Associated Press video showed bloodied people streaming into a local hospital.

The Green Village, home to many foreigners and heavily guarded by Afghan forces and private security guards, has been a frequent target.

The compound was hit by a suicide car bomber in January who killed at least four people and wounded scores. That blast occurred when the U.S. envoy, Zalmay Khalilzad, was visiting the capital to brief the Afghan government on his negotiations with the Taliban on ending America’s longest war.

Monday’s latest blast occurred during the final minutes of a nationally televised interview with Khalilzad on what a U.S.-Taliban deal might mean for Afghanistan’s future.

Earlier on Monday, Khalilzad showed a draft deal to the Afghan president after declaring that they are “at the threshold of an agreement” following the end of the ninth round of U.S.-Taliban talks in Qatar. The agreement still needs President Donald Trump’s approval.

Reflecting the sensitivity of the negotiations and the Afghan government’s sidelined role in the talks so far, it was not clear whether President Ashraf Ghani was given the draft to keep.

“We have reached an agreement with the Taliban in principle but of course until the U.S. president agrees with it, it isn’t final,” Khalilzad told TOLO news.

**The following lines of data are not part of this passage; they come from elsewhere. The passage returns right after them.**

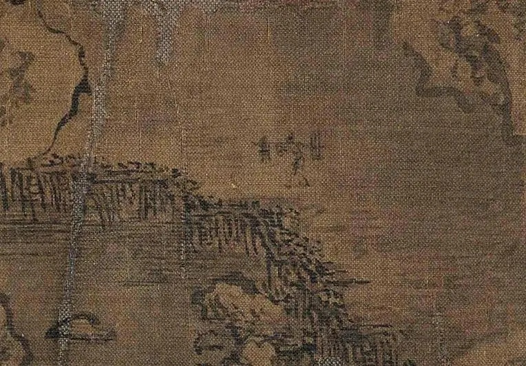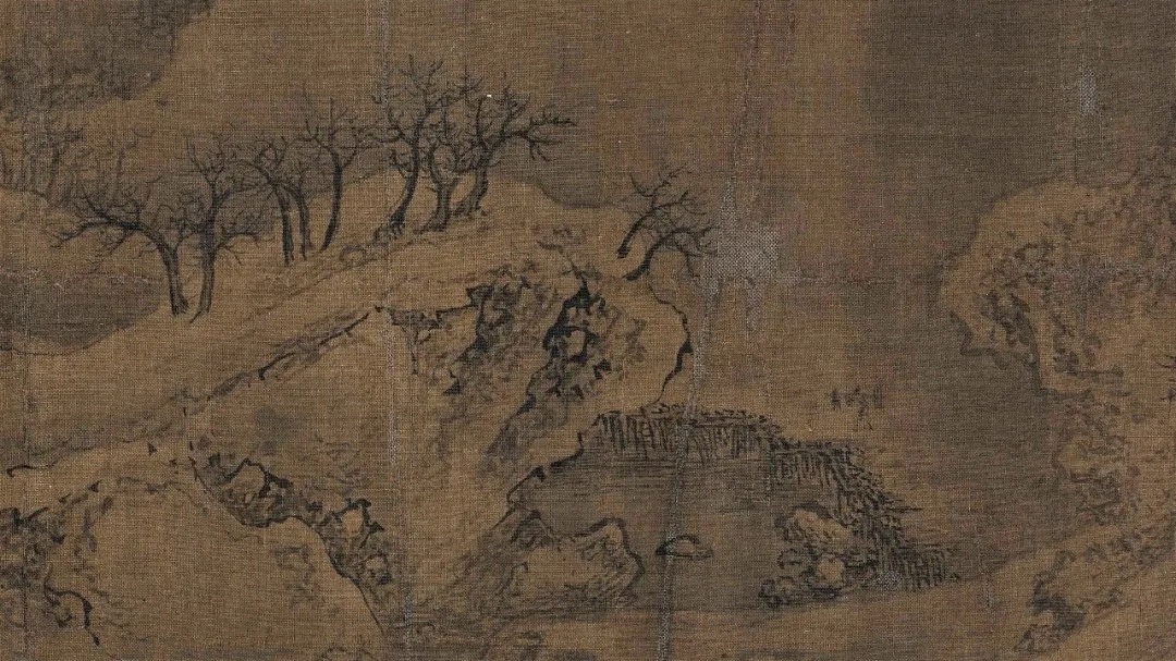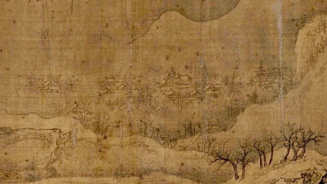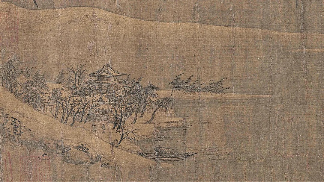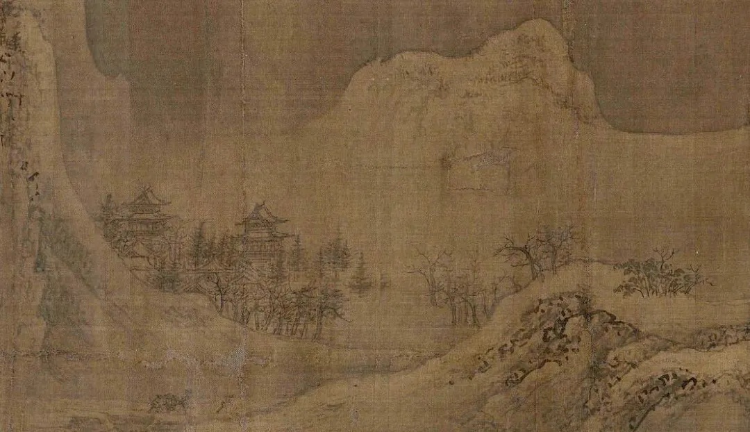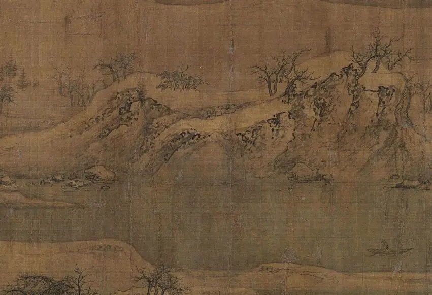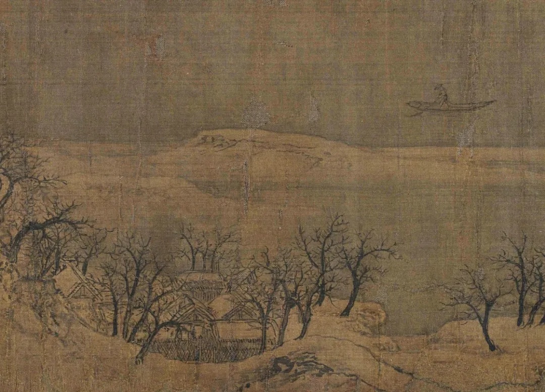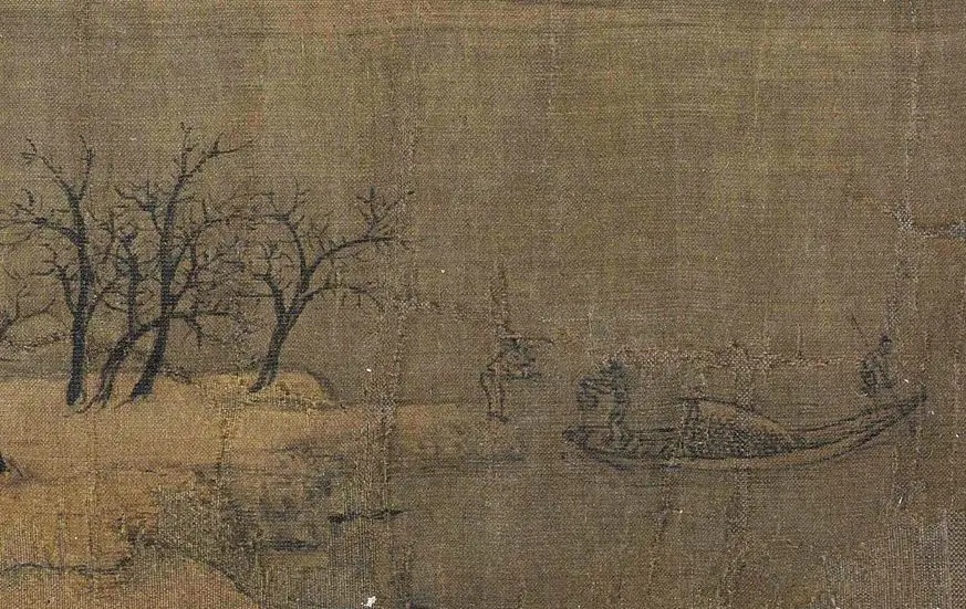 《雪江归棹图》画面起首——远山平缓,进入中段以后——山势渐渐高耸,转而趋于平缓;整幅画面富有高低错落的节奏感,使观者仿佛身临其境。
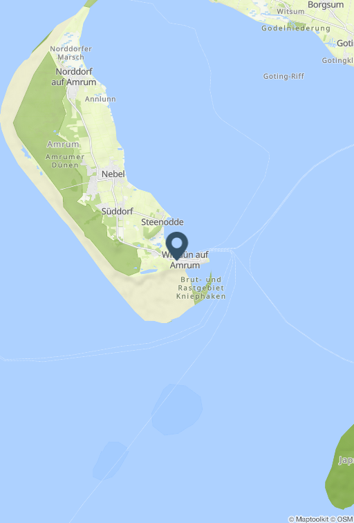 Kurzbeschreibung: Die Ferienwohnung im Obergeschoss eines 1998 erbauten Hauses ist modern und gemütlich eingerichtet. Lagebeschreibung: Die Ferienwohnung liegt in einer ruhigen Nebenstraße. Zum Zentrum sind es ca. 500 m, zum AmrumSpa Gesundheitszentrum und zum Schwimmbad ca. 800m. Der Strand liegt ca.300m entfernt. Ausstattungen: Das ca. 36m² große Nichtraucher-Apartment für zwei Personen, liegt im Obergeschoß. Es ist ausgestattet mit einem Wohnzimmer und einem Schlafzimmer, TV, Telefon, WLAN und einer separaten Küche sowie einem Badezimmer mit Dusche, WC und Föhn. Für Allergiker geeignet. Außenbereich: Allen unseren Gästen stehen die Terrassen/Garten mit Gartenmöbeln und Liegewiese, sowie Strandkorb und Grill zur Verfügung. Besonderes: Alle Preise enthalten Bettwäsche, Handtücher, Endreinigung. WLAN und Telefon (ausgehende Gespräche nur ins deutsche Festnetz ohne Sonderrufnummern) inklusive. Die Kurabgabe ist nicht im Preis enthalten. Mit Rücksicht auf unseren allergischen Gäste sind in unseren Nichtraucher-Ferienwohnungen leider keine Haustiere gestattet. Allgemeine Informationen: Anreise ab 17:00 Uhr Abreise bis 10:00 Uhr Zusätzliche Preisinfos: Die Kurabgabe ist nicht im Preis enthalten. Unter 7 Übernachtungen ist zusätzlich zum Mietpreis ein Aufschlag für Kurzurlaub zu entrichten. Nach der Buchung stehen Ihnen zusätzlich die Zahlungsmöglichkeiten Banküberweisung, Kreditkarte, Sofortüberweisung und Google/Apple Pay zur Verfügung. Weitere Informationen entnehmen Sie bitte Ihrer Buchungsbestätigung. ---------------------------------------- Die Kurabgabe ist nicht im Preis enthalten. Unter 7 Übernachtungen ist zusätzlich zum Mietpreis ein Aufschlag für Kurzurlaub zu entrichten.
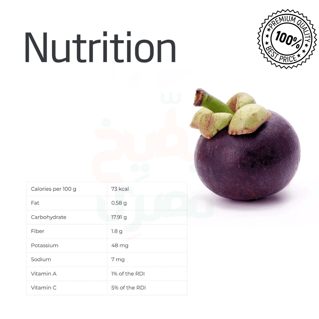 و تتميز فاكهة المانجوستين باللون البنفسجي الغامق وطعمها الاستثنائي واللذيذ وأيضاً تعرف بأنها من أشهر الفواكه الاستوائية
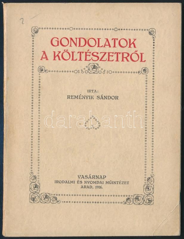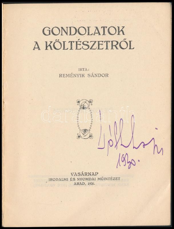 Reményik Sándor: Gondolatok a költészetről. Arad, 1926, Vasárnap, 62 p... https://www.darabanth.com/en/395-Online-auction/395.0/Books/Books-Other-rarities~1500021/Remenyik-Sandor-Gondolatok-a-kolteszetrol-Arad-1926-Vasarnap-62-p-Elso-kiadas-Kiadoi~II2400446
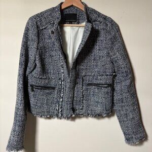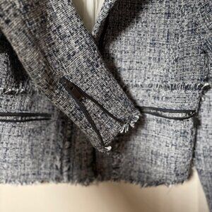 Banana Republic Raw Hem Tweed Moto Jacket in Blue, (royal blue, black and white threat). Zip and snap in the front. Two zip front pockets, Zip cuffs, Nehru collar. Fabric is medium to thick weight. 94% Polyester, 6% Spandex/Elastane. Fully lined. Dry clean only. Perfect jacket for Spring or Fall.

He said that under the deal, the first 5,000 U.S. troops would withdraw within 135 days from five bases in Afghanistan. Between 14,000 and 13,000 troops are currently in the country.

Trump last week told Fox News the U.S. plans to reduce its troop presence to 8,600 and then “make a determination from there.” He has been eager to withdraw troops before next year’s election and the draft deal easily meets that deadline.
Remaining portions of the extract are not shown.